= Dataset extract =
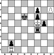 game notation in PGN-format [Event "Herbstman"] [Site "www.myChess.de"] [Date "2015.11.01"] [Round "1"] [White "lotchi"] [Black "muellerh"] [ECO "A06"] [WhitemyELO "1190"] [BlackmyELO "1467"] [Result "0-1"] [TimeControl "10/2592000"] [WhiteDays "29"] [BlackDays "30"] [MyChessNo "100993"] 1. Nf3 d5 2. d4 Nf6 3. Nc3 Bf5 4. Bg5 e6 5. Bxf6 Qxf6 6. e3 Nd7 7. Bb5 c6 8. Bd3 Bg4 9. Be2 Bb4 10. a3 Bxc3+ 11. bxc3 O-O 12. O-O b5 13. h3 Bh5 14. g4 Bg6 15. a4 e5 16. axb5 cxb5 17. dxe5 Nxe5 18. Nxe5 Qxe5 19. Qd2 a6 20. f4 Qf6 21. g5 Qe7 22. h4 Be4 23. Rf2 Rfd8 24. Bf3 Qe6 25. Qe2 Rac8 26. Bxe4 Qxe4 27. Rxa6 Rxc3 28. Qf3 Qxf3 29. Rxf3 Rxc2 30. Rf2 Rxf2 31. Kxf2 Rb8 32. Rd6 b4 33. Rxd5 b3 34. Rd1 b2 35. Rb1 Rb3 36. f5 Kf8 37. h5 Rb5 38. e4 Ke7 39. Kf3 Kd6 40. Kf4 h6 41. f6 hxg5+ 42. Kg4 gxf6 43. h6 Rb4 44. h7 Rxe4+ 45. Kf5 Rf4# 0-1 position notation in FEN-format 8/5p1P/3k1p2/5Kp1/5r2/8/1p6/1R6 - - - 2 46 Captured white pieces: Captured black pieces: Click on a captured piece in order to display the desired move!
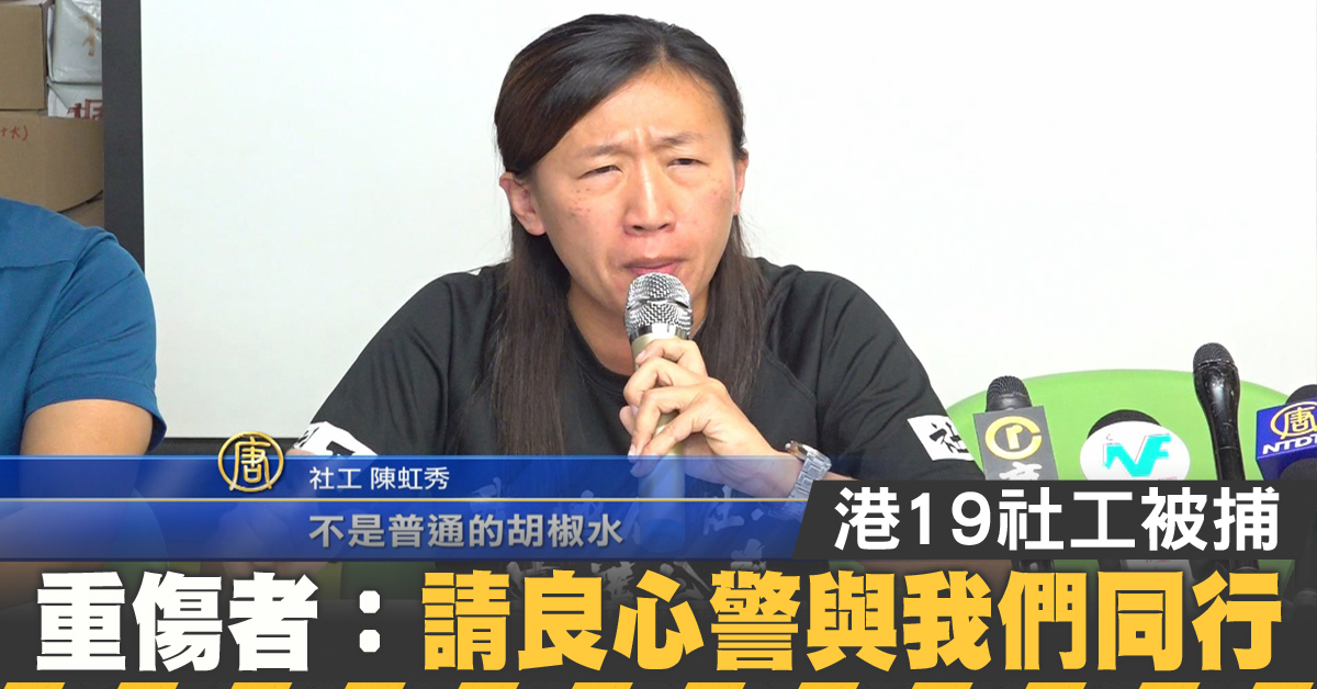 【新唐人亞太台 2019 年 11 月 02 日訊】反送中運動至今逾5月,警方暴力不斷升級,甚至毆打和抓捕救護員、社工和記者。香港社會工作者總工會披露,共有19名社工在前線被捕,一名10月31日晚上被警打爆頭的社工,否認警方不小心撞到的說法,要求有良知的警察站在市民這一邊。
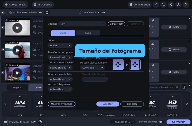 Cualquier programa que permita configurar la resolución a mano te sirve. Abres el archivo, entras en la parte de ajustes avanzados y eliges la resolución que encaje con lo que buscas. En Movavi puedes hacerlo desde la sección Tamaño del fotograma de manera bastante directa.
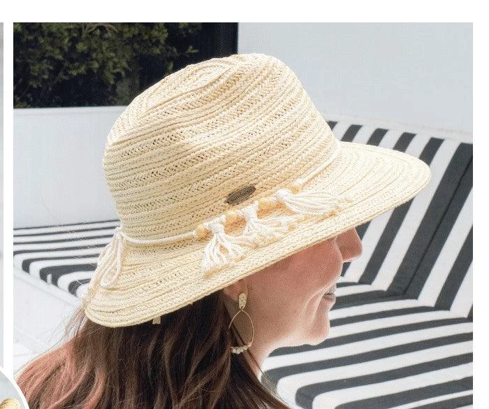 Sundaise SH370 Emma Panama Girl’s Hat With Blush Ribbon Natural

= Problem =
Your task is to repeat, word for word and with no picture, every line from the one that contains "Cualquier programa que" through the last line of the data.

= Reply =
 Cualquier programa que permita configurar la resolución a mano te sirve. Abres el archivo, entras en la parte de ajustes avanzados y eliges la resolución que encaje con lo que buscas. En Movavi puedes hacerlo desde la sección Tamaño del fotograma de manera bastante directa.
 Sundaise SH370 Emma Panama Girl’s Hat With Blush Ribbon Natural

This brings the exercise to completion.